No dude. Raja just went on record giving a pretty good idea of what prices will be if you're willing to read in between the lines a little bit.
"no idea of what prices will be" is outright wrong. We don't have a definitive number, but we know quite a bit about it what it WONT be and therefore a narrowed range.
Reasonable Inference. Using basic understanding of product lifecycles we know that a new product which does not perform much better than an old product will not be much higher in price (much being roughly 25%). Using AMD's public demonstrations that small Polaris matches GTX 950 in SW:BF at lower Watts (= most likely somewhat higher performance with a FPS cap to 60). We already know one of the products is positioned against the GTX 950, so we already know it will be in the same price range (e.g.roughly between $150 and $250), again using basic and reasonable inference. Using the Hitman demo (
http://techfrag.com/2016/03/15/amd-...t-1440p60fps-warhammer-to-utilize-directx-12/) we know big Polaris can run Hitman DX12 @ 1440p @ 60fps on Ultra. Using publicly available benchmark data
we can conclude that big Polaris therefore performs in the ballpark of 390x to Fury range in DX12 at least. Therefore, using our knowledge of product lifecycles, it will be priced similarly to the 390 to Fury range or $300 to $550.

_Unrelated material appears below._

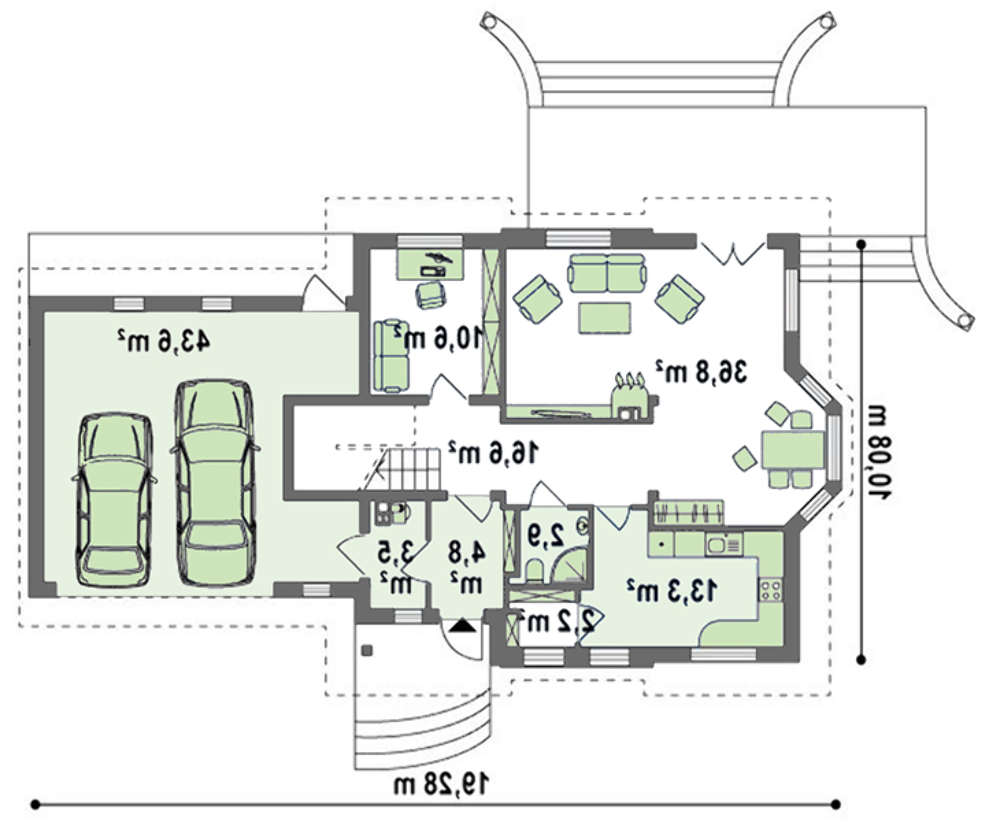 проект в зеркальном отображении позволит органично вписать дом в окружающий ландшафт.
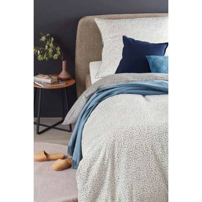 Sie mögen es modern und doch ein wenig verspielt? Dann ist das wunderschöne Satin-Bettwäsche-Set Minimo von Schöner Wohnen genau das Richtige für Sie. Aus 100% zart glänzender Baumwolle gefertigt ist die zeitlose Wendebettwäsche einfach ein echter Hingucker. Die Vorderseite ist in einem hellen Allover-Blättchenmuster gehalten, während die Rückseite dasselbe Muster in intensiver Farbgebung zeigt. Dieser raffinierte Hell-Dunkel-Kontrast gibt der Minimo Bettwäsche einfach einen ganz besonderen Touch. Die farblich abgestimmte Paspelierung am Kissenbezug und der praktische Reißverschluss runden das Gesamtbild perfekt ab. Die pflegeleichte Garnitur Minimo verfügt über ausgezeichnete klimatische Eigenschaften, ist waschmaschinen- und trocknergeeignet und in drei verschiedenen Farb- und Größenvarianten erhältlich. Ab einer Bettbezug-Größe von 200 x 200 cm sind übrigens zwei Kopfkissenbezüge von jeweils 80 x 80 cm im Set enthalten. Und wenn Sie es besonders kuschelig mögen: Hier im Shop bietet AMBIENDO Ihnen – passend zur Minimo Satin-Wendebettwäsche – den tollen Deko-Kissenbezug Piccola in vier unterschiedlichen Farben an. Bringen Sie frischen und modischen Wind in Ihren Schlafbereich und erleben erholsame Wohlfühlstunden mit der zarten Mako-Satin Bettwäsche von Schöner Wohnen!

So with a few small inferences we can conclude the new cards will fall between $150 to $250 and $300 to $550 based on what we know now, and assuming no major changes in product positioning strategy since the R300 and Fury series.
With additional, larger inferences, we know that the $200 and $250 marks are very important to consumers and that AMD will try and target them. Thus, it is reasonable if less certain to conclude there will be a SKU near $200 and near $250 (within $20).
Definitely "no idea" of what prices will be indeed.